My Worst Insecurities
My worst insecurity? That's a hard one. Probably close to just about everything about me. I've always struggled with negative opinions of my physical appearance, but recently, I have also been worrying more about how others view my personality. For the purpose of not wasting everyone who is reading this' time, I will only talk about my most recent fears about how I act.

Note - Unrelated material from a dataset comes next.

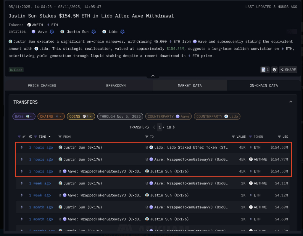 According to on-chain data, about 45,000 ETH — worth roughly $154.5 million at the time — was shifted from the lending protocol Aave into the Lido Finance staking pool.

Being nice used to be the only reason that someone would ever want to be around me. I always try to be as nice as I can, because I know how much it sucks when someone random comes up to you and is a total jerk. People have even told me to be more mean before. That being said, this next part has been very confusing for me. A month or two ago, two girls in my grade have been going around behind my back and calling me mean. That is honestly one of the worst things that someone can say about me, because I know I'm not pretty, I know I'm not rich, and I know I'm not smart, but I try as hard as I can to be a good person and a good friend, and with one word someone can take all of that away.
The funny thing is that both of the two main people who have been saying those things have no reason to. The first one doesn't even know me. Sure, she might know my name from a friend, but we have never had a single conversation. Not one. The other one has had problems with me for a couple of years. Last year, we were friends, but that ended the moment that she decided that it would be fun to cyberbully me. I never did anything besides tell the counselor, not even while in the friendship, so she wouldn't have any reason to call me mean. If anyone was a bad person, it would be her. That just about sums up what my biggest insecurity is at the moment, but just keep in mind that if I had the time, I could have written a novel about my remaining insecurities.